第六十話 強襲
レレ様とのお茶会も終わり、私はせっせとセインさんのために作ったお菓子をバスケットに詰めて、屋敷を出る。
正直に言えば、レレ様から得られたアドバイスは一つだけで、とても不安だ。それでも、頑張ることを約束した私は、後には引けない。
セインさんが話していた宿は、私の屋敷から馬車で二十分ほどの場所にある。しかし、早くセインさんに会いたい私としては、馬車でのんびり行くよりも、自分の足で歩いた方が良いとばかりに、そのまま外に出た。
今日も今日とて、可愛いと思えるワンピースを身に纏って、急ぎ足で歩く。
この時の私は、本当に浮かれていた。何せ、尾行してくる存在に気づいていなかったのだから。

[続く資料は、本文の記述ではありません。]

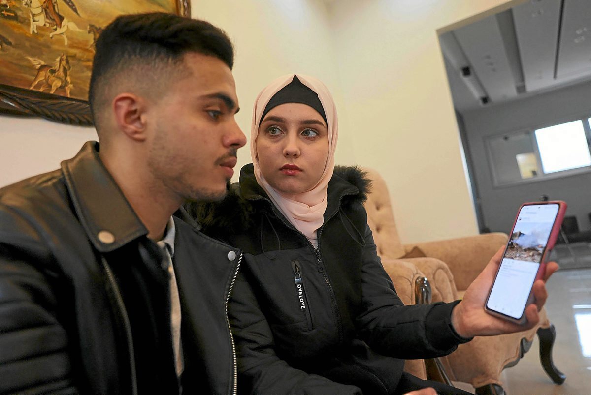 «Senarrak eta biok Ukraina baino toki seguruagoa aurkitu behar genuen, eta bere herria aukeratu genuen, Gaza», azaldu du neskak. Ezin izan dio negarrari eutsi eraso errusiarrek suntsitutako eraikinen bideoak bere telefonoan erakusten hasi denean.

もうすぐ、キツツキの止まり木という名の宿が見えてくる。私は、ちょっと近道のために、細い路地に入って、そこを通り抜けようとして……。
「っ……」
突如として上から降ってきた誰かの存在に、私は咄嗟に後ずさり、すぐにもう一人が背後に居ることに気づく。
挟み撃ち!?
覆面で顔を隠す彼らが何者かは分からないが、そんなことを考える間もなく、彼らは手に持った物を放つ。
「くっ、誰!」
かろうじてそれを避けるものの、そのまま小刀を片手に襲われる。
「うっ」
武器を持たない状態で、手練だろう敵に襲われて、どうにか逃げるか、相手の武器を奪うかしないと、と立ち回っていたものの、細い路地の中では上手く動けず、少しずつ細かい傷を増やしていく。そして……。
「な、に……?」
グラリ、と視界が大きく揺らぐ。その直後、お腹に大きな衝撃を受けて、息が詰まった。
「がっ……」
意識も飛びかけていることを自覚して、体勢を立て直そうと必死に腕に力を入れようとして、力が入らないことに気づく。
「ぁ……」
その瞬間、トラウマが、前世の記憶が、鮮明に浮かぶ。
外に出たいのに、動きたいのに、何も出来ないままに、苦しみ抜いて死んだその時を。そして……。
「ぐぁっ!」
その恐怖を最後に、バチッという音とともに、私の意識は強制的に暗闇に閉ざされた。